1 May 2011

Açalım bir kanal, Van Gölü’nden Marmara’ya

Hatta; 2023 vizyonuna Ortadoğu ülkelerini de dahil edelim. Çek bir kanal da Süveyşe’e birleş, oradan ver elini Hint Okyanusu...hep birlikte vizyon sahibi olalım, hazır diktatörlükler bir bir yıkılıyorken, hayalimizi daha da genişletelim.

Hayali Küçük Ali’ler ülkesi olalım…bizim prenseslerden prenslerden neyimiz eksik. Bak nasıl da aldı gül gibi halk kızını İngiliz prenses, aval aval seyrettim, masal gibiydi valla.

İstanbul kanalımız neden olmasın, olsun…bölünsün İstanbul, bir kısrak başı gibi uzansın, pardon o Akdeniz’e uzanmayla ilgiliydi galiba, karıştırdım…bugün sarhoş atlar ülkesine uyandım da.

İstemezüüükk !…’hayaller değil realiteler gerek bize’, hımm…hem de Tayyip Erdoğan, hemi de Ak Parti…valla torunlarıma hayrı olacaksa bile istemezüükkk, değilmi ki bunların eli değdi, hiç istemezük, neme lazım…durduk yerde icat çıkartmayın başımıza.

Böyle çılgın icatlar çıkardıkça, memlekette herkes mimar, herkes kent planlamacı, herkes deprem uzmanı oluyor, çeneler açılıyor, sustururabilene aşk olsun. Oldum olası gevezelere antipatim var zaten, başım iyice dönüyor, kulaklarım uğulduyor, tıpkı sarhoş atlar gibiyim.

Böyyük, en böyyük biz olalım, çok güzel, harika…medeni olalım, Dubai gibi olalım, aman ha Dubai gibi iflas etmeden ama. Onların emmileri zengin, kurtardılar, bizim zengin emmimiz de yok, emperyalist güçler ham eder bizi valla. İlahi Ayhan, bak bu noktada seni anımsadım. Gülmeyim şimdi, ciddi ciddi yazıyorum şurada.

Gerçekten ciddiyim, bakmayın ti’ye aldığıma, bize ne kanallar lazım daha. Dedim ya Van gölünden başlatalım, salla sallayabildiğin kadar, nereye uzanırsa…insanlık adına, barış adına, medeniyet dediğin tek kişi kalmış canavara inat, medenilik nasıl olurmuş gösterelim tüm dünyaya. Gerçekten takdir ediyorum, sonunu düşünen kahraman olamaz demiş ya Polat Alemdar, cesaret ister öyle İstanbul’un yanına bir yeni İstanbul kurmak, sonunda ne olur diye düşünürsek bi adam olamayız biz.

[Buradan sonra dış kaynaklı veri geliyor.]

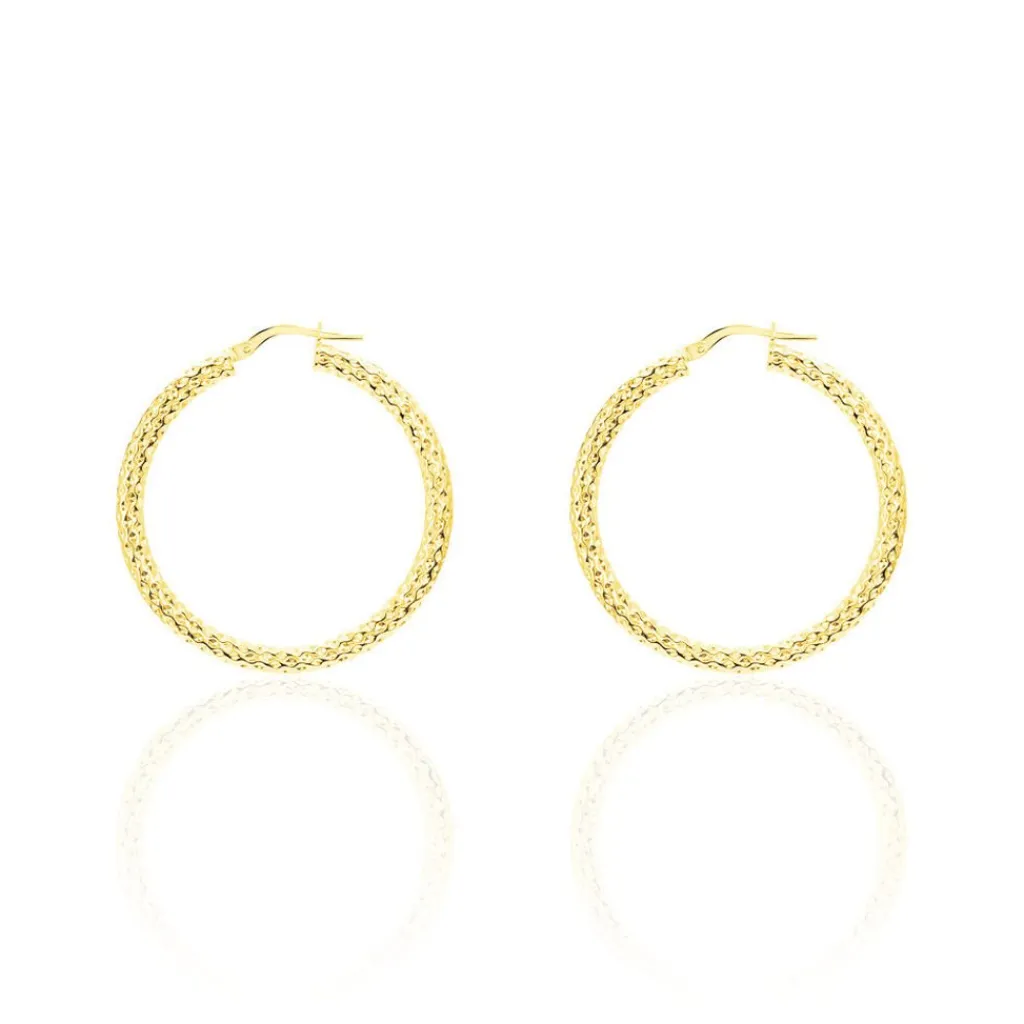 Créoles Or Jaune 375/1000 Fil Rond Martele Largeur 3mm Diamètre 30mm
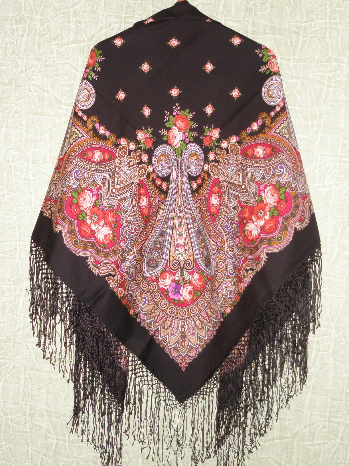 "Восточные напевы" 16-27 чёрная кайма размер 125-125 с шерст. бахромой рис.Клары Зиновьевой
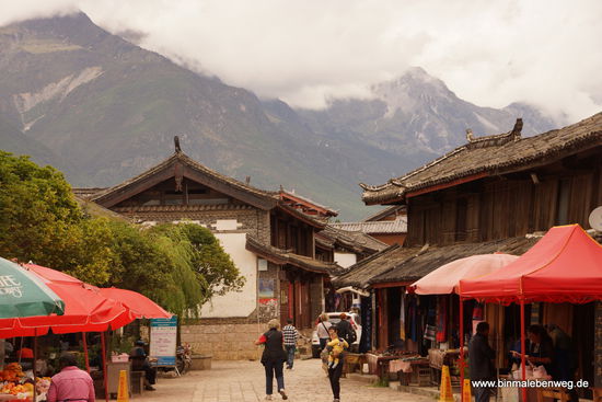 Auch im Dorf Baishazhen am Fuße des Jadedrachen-Schneeberges erahnt man den Berg leider nur. Auch hier sind die Naxi zu Hause. Baisha war, bevor Kublai Khan es annektierte und es in das Yuan-Reich eingliederte, die Hauptstadt des Naxi-Königreiches. Die Naxi-Minderheit befand sich traditionell immer im Spannungsverhältnis zwischen den militärisch überlegenen Tibetern aus dem Norden und den ebenfalls überlegenen Bai aus dem Süden. Das Stadtbild ist geprägt von den zahlreichen authentischen Innenhof-Häusern aus der Qing-Dynastie. Hier wohnen auch heute noch viele Menschen, die Häuser wirken oft ziemlich abgewohnt.
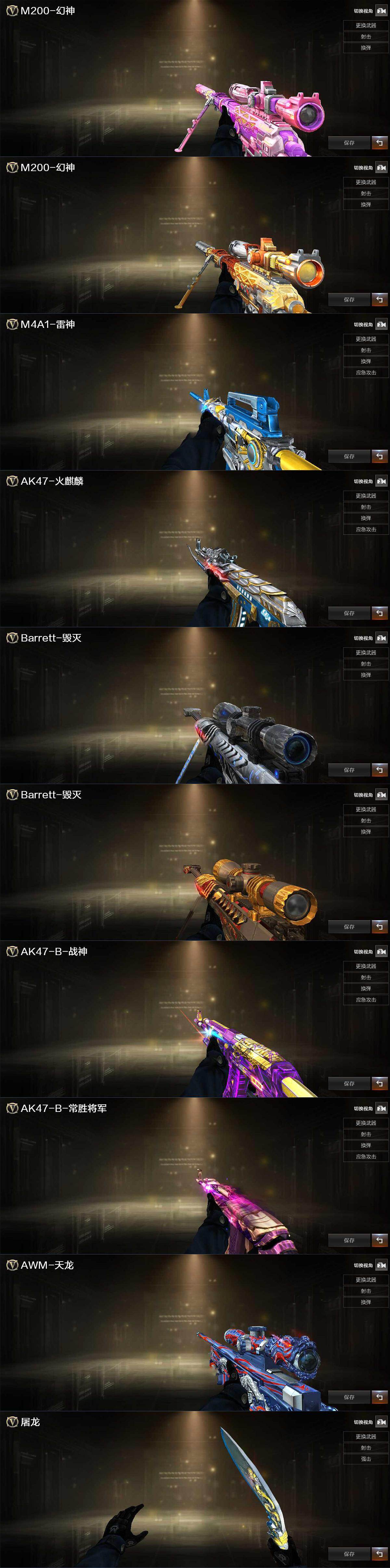 【英雄级武器】:AK47-火麒麟,M4A1-雷神,AK12-天启,AK47-B-战神*2,AK47-B-常胜将军,Barrett-毁灭,M200-幻神,沙鹰-修罗,沙鹰-天神,屠龙,龙啸,擎天,闪光弹-雷暴
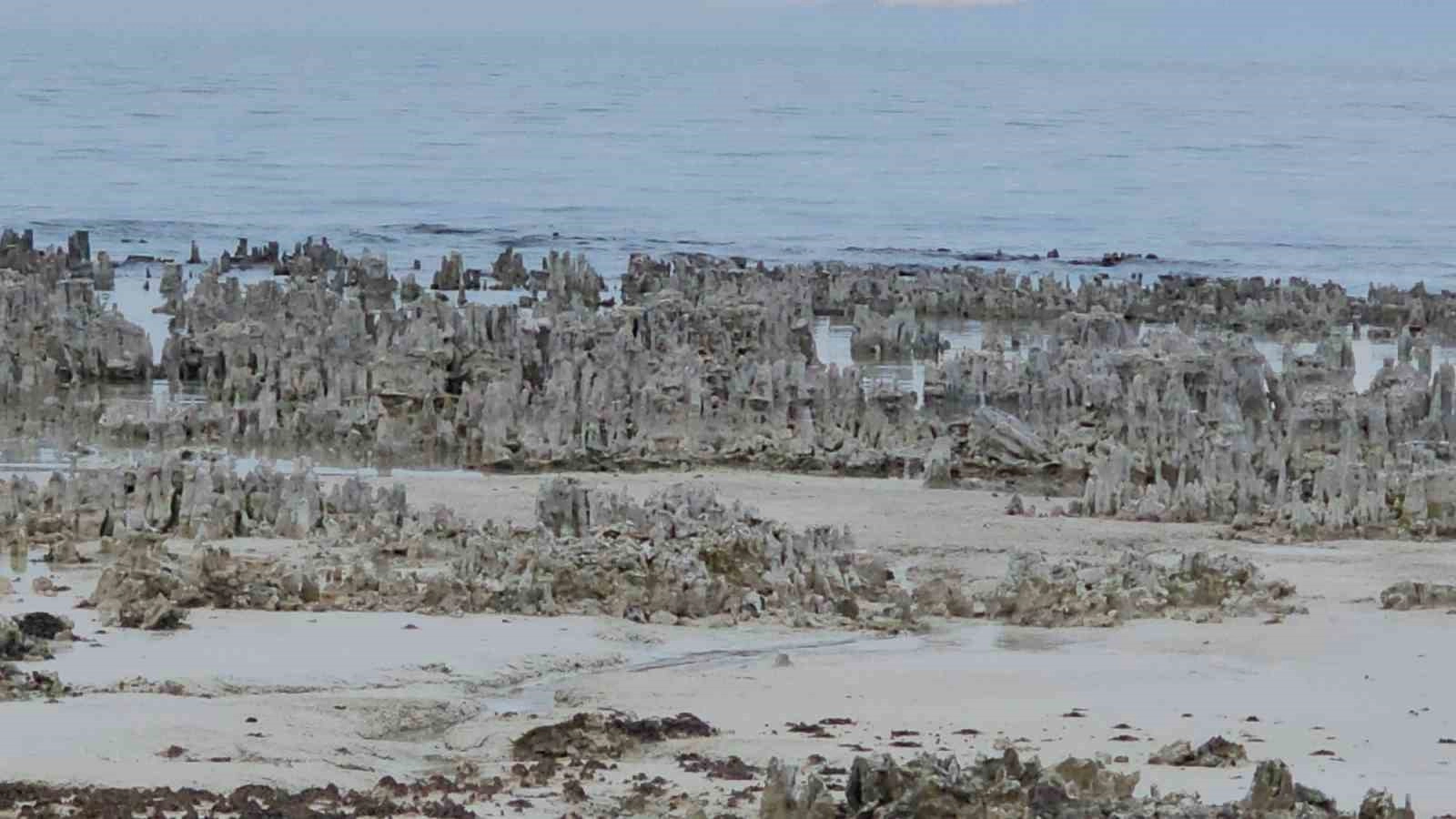 Türkiye’nin en büyük gölü olan Van Gölü’nün Adilcevaz sahilinde yaşanan yağışlara rağmen su seviyesinin düşmesiyle birlikte ortaya çıkan mikrobiyalitler dikkat çekiyor.
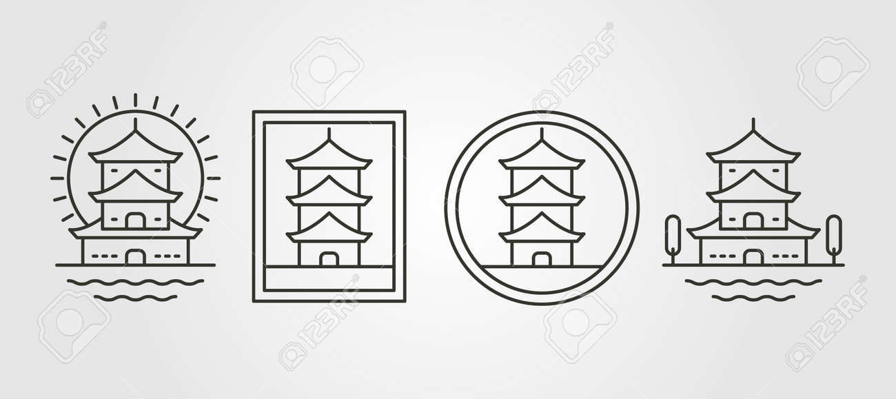 Set Of Pagoda Vector Line Logo Vector Symbol Illustration Design, Traditional House Bundle Logo Design Клипарты, SVG, векторы, и Набор Иллюстраций Без Оплаты Отчислений. Image 182386576

Elbette büyük ve de en çılgın projeleri üretelim, uygulayalım, kaynağanı da bulalım ama… buluruz değil mi? evel allah, sonra da allah. İnsanımızı yaşatalım ki devletlü hünkarlarımız da çok yaşasın, valideler ağlamasın, hepimiz kalkınalım, yoksulluk bitsin, herkese iş gelsin, tencereler fokurdasın, açlık kalmasın. Henüz Boğaz sefası nedir bilmeyen kadınlar, bebeler de nasiplensin, kanal görsünler…

Ancaaak;

”Gelir eşitsizliği en yüksek üç ülkeden biri olmak, bebek ölümlerinde birinci sırada olmak, her yüz kişiden 44’ünün çalışıp 66’sının bu çalışanlardan geçindiği ülke olmak, yoksulluk oranında baş sıralara oynamak, dünyada çocuğa sekiz bin dolar zorunlu eğitim harcaması ayıranlara karşın çocuk için sadece bin küsür dolara kıymak, dünyada birbirine en güvenmeyen insanların ülkesi olmak, yolsuzlukta 11.sırada olmak” gibi figürleri de Kanal İstanbul’un önüne takalım, bayrak niyetine!

Neredeyse milat öncesi bir tarihten bahseder gibi bahsettiğimiz GAP’ı da artık Van Gölü’nden çıkan kanala bağlarız, yazık olmasın diye, bunca yıldır milyar dolarlar harcanıp daha hala bir arpa boyu yol alınamayan, gaptırılamaz projemize.

Mezralarda doğup, büyüyüp, hayatında keleş sesinden, bomba gümbürtüsünden başka bir ses duymamış, değil Boğazda’ki martıları sadece savaş uçaklarını kuş olarak düşlemiş, nan yanına peyvaz katık etmiş bebelerin de hakkı değil mi?...kanal sefası yapsın, bi kerecik de olsun hamburger yesin, avm görsün, çocuk tiyatrosuna gitsin, rengarenk oyun parklarındaki kaydıraklardan süzülsün…

Açalım bi kanal da Van Gölü’nden Marmara’ya, Ege’ye, Akdeniz’e, madem çılgınız, madem paramız var…batısı da doğusu da kalkınsın, hayalimizi büyütelim, çılgınlığımıza çılgınlık katalım.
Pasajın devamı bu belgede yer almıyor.